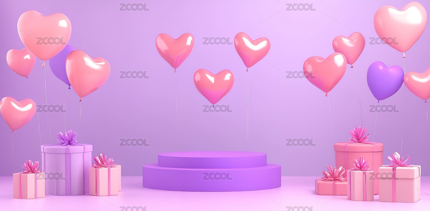 粉色气球礼盒爱心棒棒糖
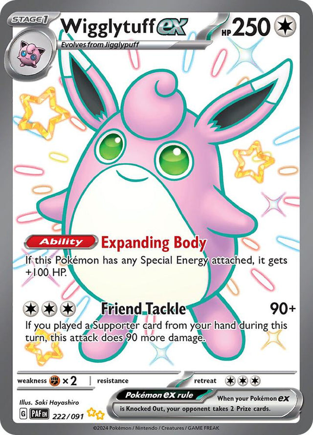 Explore the Wigglytuff ex from the Paldean Fates set in the Scarlet & Violet series! This Stage 1 Colorless Pokemon card features a Holofoil finish, and is classified as a Shiny Ultra Rare. A must-have for collectors and players alike! The card number in this set is 222/091.
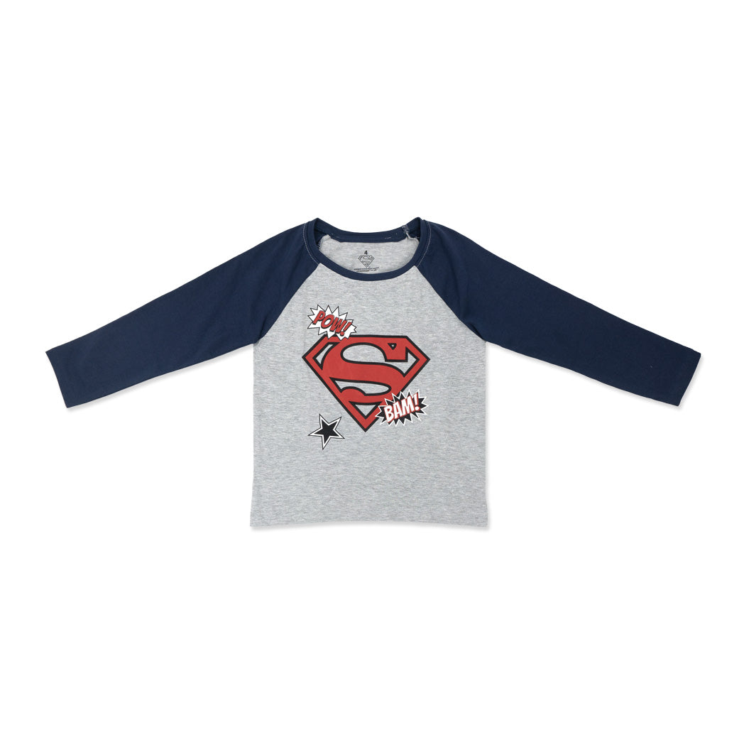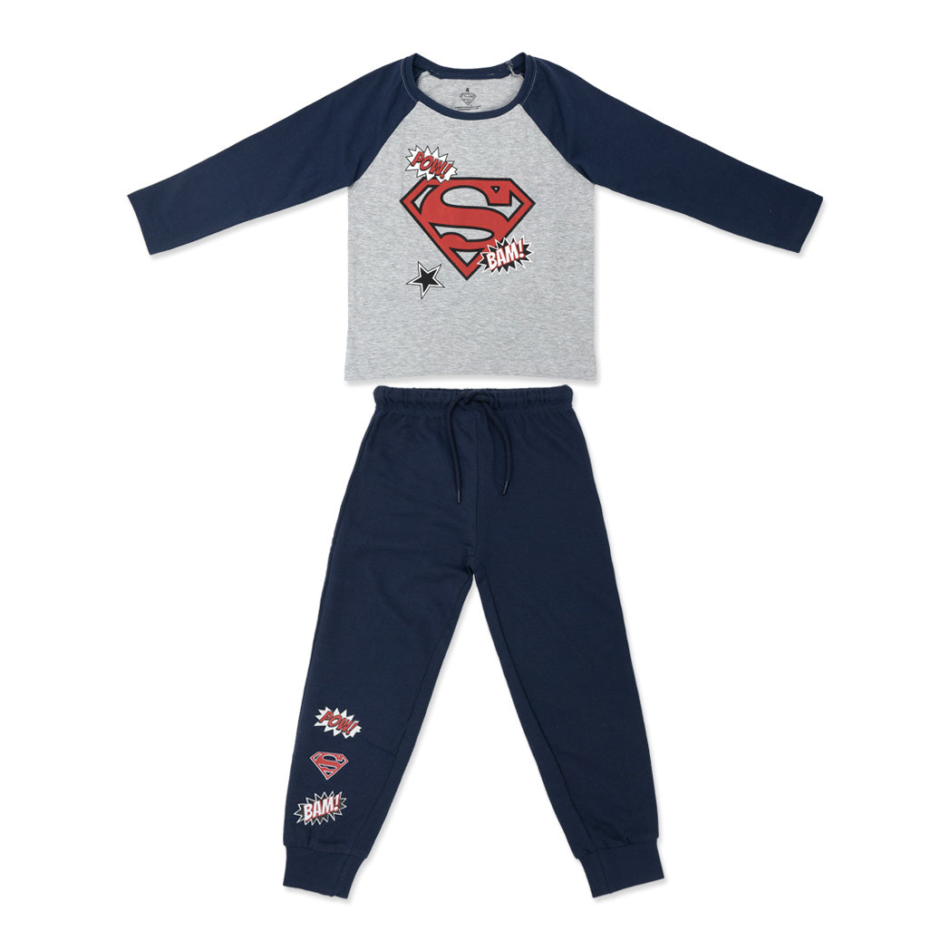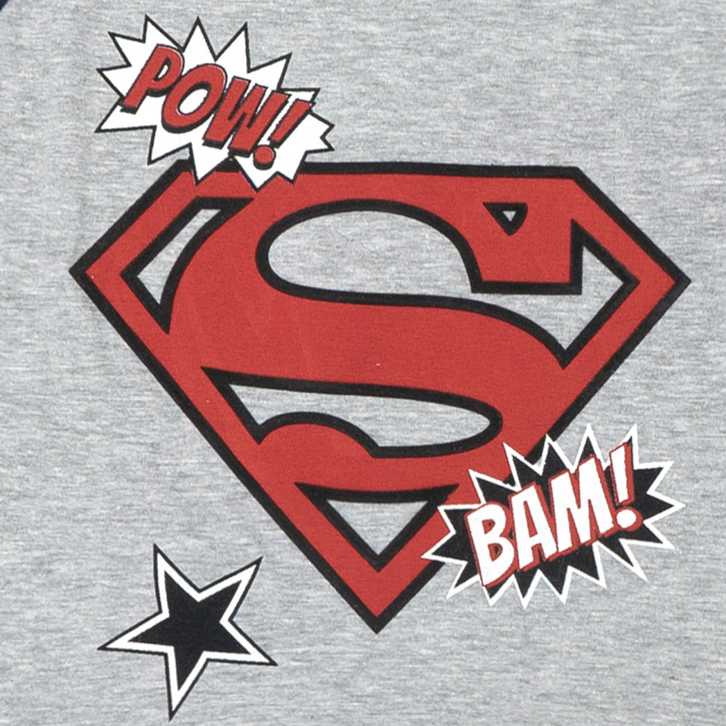 חליפת בנים אפורה-כחולה לעונת מעבר עם הדפס לוגו סופרמן

__What the exercise asks__.
Repeat the data above exactly, leaving out any pictures it holds.

__Output for this exercise__.
 粉色气球礼盒爱心棒棒糖
 Explore the Wigglytuff ex from the Paldean Fates set in the Scarlet & Violet series! This Stage 1 Colorless Pokemon card features a Holofoil finish, and is classified as a Shiny Ultra Rare. A must-have for collectors and players alike! The card number in this set is 222/091.
 חליפת בנים אפורה-כחולה לעונת מעבר עם הדפס לוגו סופרמן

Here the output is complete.